Friday's decision, Gage said, "opens the door for everything -- all aspects of NSPS." But, he added, "we're never going to stop fighting this thing," pledging that his union would step up efforts to have the Senate join the House in abolishing parts of the National Security Personnel System, especially provisions that curtail union rights.
The court said the 2009 deadline on union rights does not apply to NSPS regulations that will give the Pentagon broad leeway in drawing up new rules for hiring, assigning, deploying, promoting and laying off employees.
Unions have traditionally had a voice in work assignments, shift rotations and overtime through their contracts, a practice that some officials view as infringing on management rights. Gage and Frank said the exception to the 2009 deadline was under review to determine what it might mean when NSPS reverts to standard bargaining rules.
The National Security Personnel System is being phased in and covers about 114,000 non-union employees. If completed as planned, nearly 700,000 Defense employees would convert to the new system, which seeks to more rigorously link pay raises to job performance ratings. The NSPS also requires employees to appeal major disciplinary actions to Defense officials before they can gain access to an independent board and to the courts.

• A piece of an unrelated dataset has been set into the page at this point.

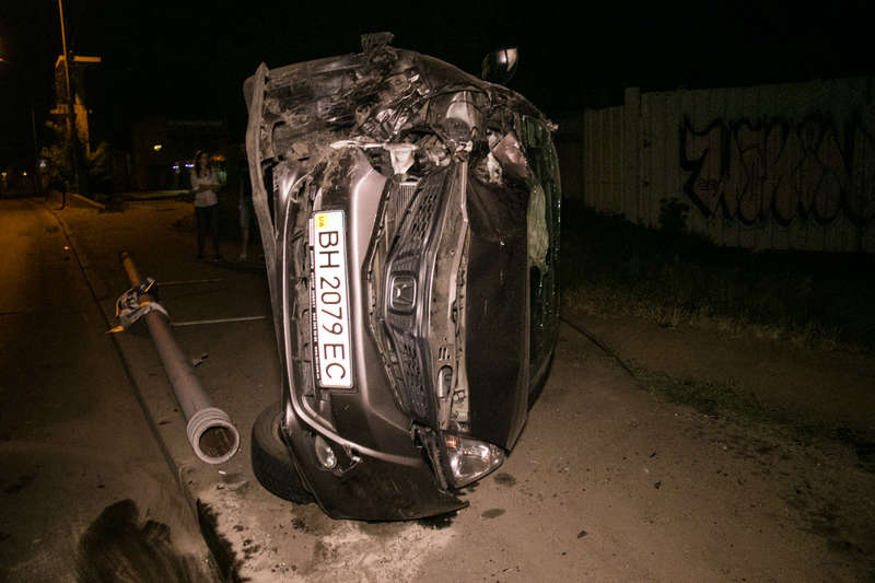 В Киеве пьяная девушка на Honda влетела в ВАЗ и перевернулась

The idea, officials said, is to build a system that rewards the best workers and values top-notch job performance. Pentagon leaders have portrayed current rules, which they believe mostly reward employees based on their length of service, as outdated.
Last week's court ruling underscored the controversy that has swirled around the NSPS from its start.
The appeals court judges said that members of Congress in 2003 made contradictory statements on the meaning of the law creating the NSPS, and Judge Brett M. Kavanaugh, who filed the majority opinion, called the law a "statutory puzzle" with a few provisions that appear to be in conflict at first glance.
After the Pentagon published regulations for the National Security Personnel System in February 2005, unions sued to stop them. A year later, U.S. District Judge Emmet G. Sullivan blocked the Pentagon from implementing much of the NSPS. Sullivan objected that the NSPS regulations would "entirely eviscerate collective bargaining."
Friday's decision, with Kavanaugh and Judge Stephen F. Williams in the majority and Judge David S. Tatel dissenting, reversed Sullivan's judgment.
"We uphold the DOD regulations at issue in this appeal," Kavanaugh wrote.